Abreu et al. [15] co-combusted bituminous coals with two types of biomasses (pine sawdust and olive stones) at 10–50 wt% (according to calorific value) and examined the ash deposition rate. Co-combustion sawdust with a low alkali content led to a lower ash deposition rate than that observed for single-firing of coal. In contrast, co-combustion with olive stones with high K contents resulted in a higher ash deposition rate than that for single coal. They posited that this difference is caused by the different adhesion tendencies on the deposition surface and attributed this effect to the ash compositions of the biomasses.

In addition to the above studies, numerous studies have been performed to understand and explain the phenomenon of ash deposition in biomass co-combustion. This includes the development of empirical indicators and several experimental methods for determining ash melting temperatures [16,17,18]. Many investigations using thermomechanical analyzers (TMAs), drop tube furnaces (DTF), pilot plants, and full-scale boiler trials have been performed [19,20,21].

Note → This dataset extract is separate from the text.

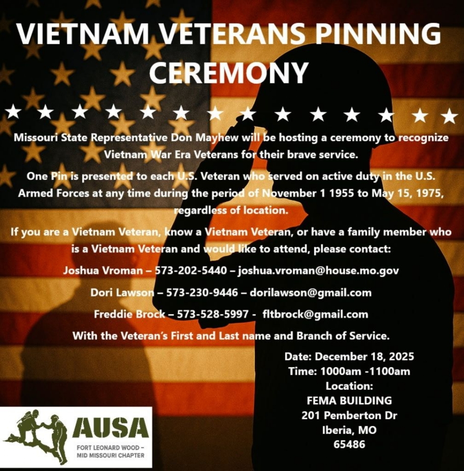 Please find a digital copy of the Boonville Daily News Veteran's Pride for Cooper County. A few of our members are in the guide. I have a few printed and bound copies if folks want them for around $1.50 each (one dollar and fifty cents). Let me know and I can bring them to the meeting. They are printed very nicely - like a magazine. ________________________________________________________________________________________ 05 Dec - Poker Night 13 Dec - Wreath Laying at Jacksonville Cemetery 17 Dec - Food Bank Feed America @ Columbia Mall 17 Dec - Legion Post Christmas Party - NO MEETING 20 Dec - Pancake Breakfast

These previous studies have demonstrated that slagging and fouling propensities vary, particularly in response to type of blended fuel used. Recently, the use of oil-palm empty fruit bunches (EFBs) as biomass has been attempted in power plants in Korea for economic reasons. Thus, optimal operation parameters for the application of EFBs in power plants must be derived. Oil palms are widely cultivated in tropical Asia, especially in Malaysia, Indonesia, and Thailand. Considering this abundant and CO₂-neutral fuel resource, oil-palm EFBs, as byproducts of the crude palm-oil milling process, represent one of the most promising energy resources [22,23].

There is much less literature available on the ash deposition behavior of EFBs compared to that on wood pellets (WPs) [24,25]. Thus, the goal of this study was to perform a detailed investigation into ash deposition during the co-combustion of pulverized coal with EFBs and WPs in pulverized form.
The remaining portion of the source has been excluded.